Полина сдержанно улыбалась, нет-нет да озираясь вокруг, и прежнее волнение уже совсем перестало ее одолевать. Рука Ильи на ее пояснице в знак поддержки, его пусть непродолжительные, но красноречивые взгляды, довольная улыбка на губах и беззаботный смех в компании друзей — все это отзывалось теплом у нее на душе. Он был в своей стихии, на своем месте, и то, что Полина являлась частью всего этого, откликалось в ней распирающим чувством радости. Ко всему словоохотливые «братья» то и дело вовлекали Полину в беседу, отчего она нисколько не ощущала себя здесь лишней.

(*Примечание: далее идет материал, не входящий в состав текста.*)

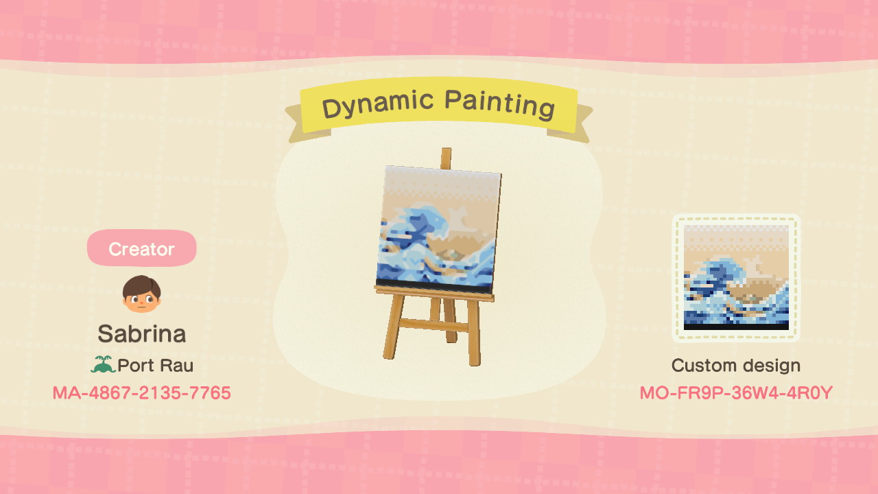 New Horizons is available now for Nintendo Switch. New Horizons Switch ACNH guide on Dynamic painting The Great Wave off Kanagawa. This painting is always genuine.

Меж тем в разговор компании охотно вклинивались и другие боксеры, и пока одни просто подходили поздороваться, игнорируя присутствие Полины, другие принимались безостановочно чесать языком, иной раз затрагивая не самые приятные темы, одной из которых стали подпольные бои.

— Я слыхал, ты Мельницу в «подполье» нокаутировал.

Полина машинально взглянула на Илью, что неожиданно помрачнел от вопроса Марата, его знакомого.

— А ты знаешь Мельницу? — недоверчиво выпалил Александр.

— Его на районе много кто знает, — Марат подошел поближе и произнес тихонько: — Он мужика одного по случайке вальнул, прикиньте? Говорят, просто припугнуть хотел, чтоб место свое знал, а вышло вон оно как.

Илья досадливо поморщился, роняя взгляд в пол и принимаясь бесцельно блуждать глазами по обуви друзей и едва различимому узору прорезиненной поверхности. Он и сам однажды поступил так же, как Мельница. И едва Илья подумал об этом, его затошнило.

— Лучше бы ему и дальше драться на улице, — бесцветно бросил он.

Полина заметила резкую перемену в его настроении: буквально только что Гордеев увлеченно болтал с друзьями, а теперь всем телом напрягся, посуровел на глазах и стал нервно кусать губы. Она не понимала, почему он столь негативно отреагировал на упоминание о Мельнице — не знала, в чем заключен его тяжкий грех.

— Я, кстати, давно еще сказать хотел... — Серега с недоверием прошелся взглядом по примолкшей Полине, явно недовольный тем, что она стала свидетелем этого разговора.

— Что? — Димка толкнул его плечом. — Давай говори, только интригу тут нагонять не надо — вспотеем.

— Илюх, Мельница же реванш взять хотел.

Полина снова бросила взор на своего телохранителя, что кривил губы, стискивал челюсти и беспокойно перебирал пальцами опущенных вдоль тела рук.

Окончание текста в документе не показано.